From the Guidelines
The determination of brain death in adult patients on Extracorporeal Membrane Oxygenation (ECMO) should be based on a systematic approach that includes prerequisite conditions, neurological examination, and appropriate ancillary testing, as recommended by the most recent consensus guidelines 1. To determine brain death in adult ECMO patients, clinicians should first establish an irreversible cause of coma, exclude confounders such as hypothermia, severe metabolic or endocrine disturbances, and sedative medications, and ensure adequate blood pressure (typically mean arterial pressure >60 mmHg). The clinical examination should demonstrate absence of all brainstem reflexes, including pupillary, corneal, oculocephalic, oculovestibular, and gag reflexes, as well as absence of spontaneous respiration. For ECMO patients specifically, apnea testing presents unique challenges due to the extracorporeal circuit, and modified apnea testing can be performed by adjusting the sweep gas flow to allow PaCO2 to rise above 60 mmHg while maintaining oxygenation, as suggested by recent guidelines 1. If apnea testing cannot be safely performed, ancillary testing becomes mandatory, and acceptable ancillary tests include cerebral angiography showing absence of intracranial circulation, electroencephalography showing electrocerebral silence, transcranial Doppler showing absent cerebral blood flow, or nuclear medicine perfusion studies demonstrating absence of cerebral perfusion 1. Some key points to consider when determining brain death in ECMO patients include:
- Maintaining hemodynamic stability during testing
- Recognizing that the ECMO circuit itself may complicate interpretation of some tests
- Using a multimodality, multidisciplinary approach for neurological prognostication, including clinical/neurological examination, electrophysiological tests, and neuroimaging 1
- Avoiding the use of any single factor/tool as the sole indicator for patient prognosis 1 The determination should be made by physicians experienced in both neurological assessment and ECMO management, with at least two separate examinations typically performed 6-24 hours apart depending on institutional protocols.
From the Research
Determining Brain Death in Adult Patients on ECMO
- The determination of brain death in adult patients on Extracorporeal Membrane Oxygenation (ECMO) is a complex process, with various challenges and limitations 2, 3, 4, 5, 6.

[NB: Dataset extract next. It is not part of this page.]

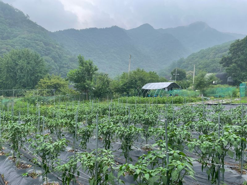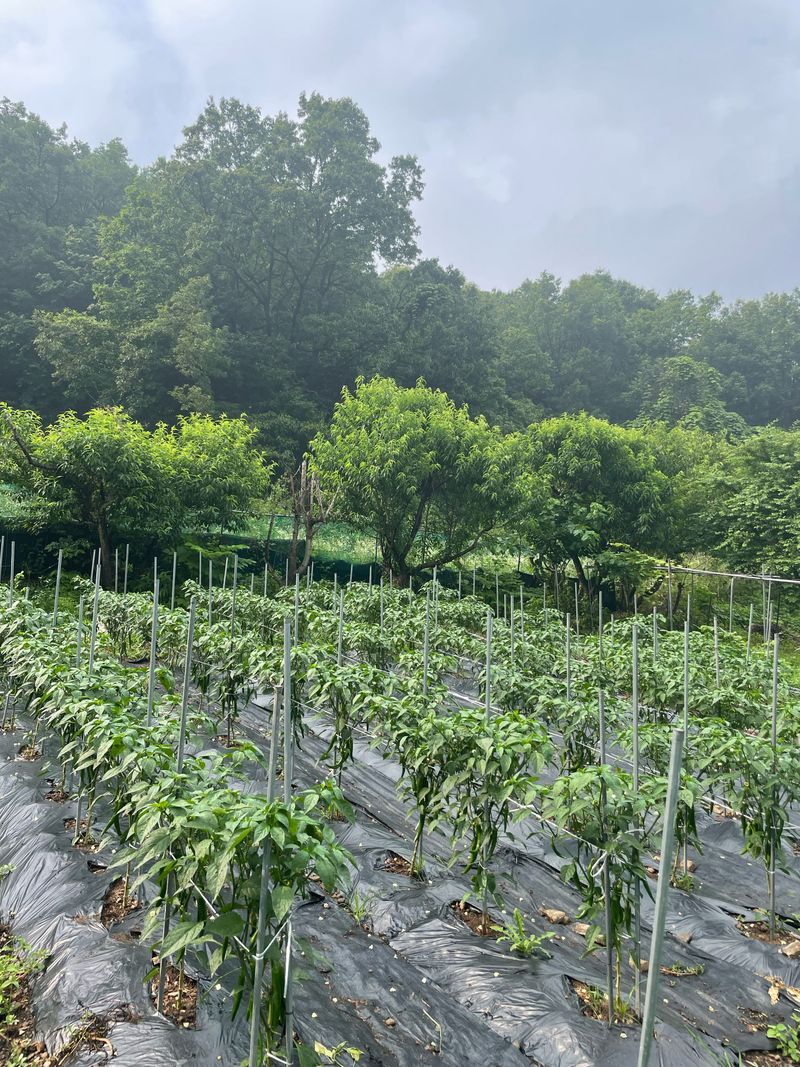 홍고추 한 판 심었습니다. 우리 먹기에 한 판도 충분했어요. 지금까지 추비 한 번 줬고 방제를 두 번 했습니다.

- Apnea testing is a crucial component of brain death determination, but it can be difficult to perform in patients on ECMO due to the risk of hypoxia and hemodynamic instability 2, 4, 6.
- Several studies have proposed modifications to the apnea test to make it safer and more reliable in patients on ECMO, such as decreasing the ECMO sweep gas flow and increasing oxygen delivery 4, 6.
- Ancillary tests, such as electroencephalogram, computed tomography angiography, and transcranial Doppler ultrasound, are often used to support the diagnosis of brain death in patients on ECMO, especially when the apnea test is nonconfirmatory or cannot be performed 3, 6.
- The use of ancillary tests can help to increase the accuracy of brain death determination in patients on ECMO, but the variability in practice and the lack of standardized protocols can make it challenging to determine brain death in these patients 3, 5, 6.
Apnea Testing in Patients on ECMO
- Apnea testing can be performed in patients on ECMO, but it requires careful consideration of the patient's hemodynamic and respiratory status 2, 4, 6.
- Decreasing the ECMO sweep gas flow and increasing oxygen delivery can help to make the apnea test safer and more reliable in patients on ECMO 4, 6.
- The apnea test should be performed by experienced clinicians who are familiar with the patient's condition and the ECMO equipment 2, 3, 4.
- The use of ancillary tests can help to support the diagnosis of brain death in patients on ECMO, especially when the apnea test is nonconfirmatory or cannot be performed 3, 6.
Ancillary Tests for Brain Death Determination
- Ancillary tests, such as electroencephalogram, computed tomography angiography, and transcranial Doppler ultrasound, can be used to support the diagnosis of brain death in patients on ECMO 3, 6.
- These tests can help to increase the accuracy of brain death determination in patients on ECMO, especially when the apnea test is nonconfirmatory or cannot be performed 3, 6.
- The choice of ancillary test depends on the patient's condition and the availability of equipment and expertise 3, 6.
- The use of ancillary tests should be guided by standardized protocols and clinical guidelines to ensure consistency and accuracy in brain death determination 5, 6.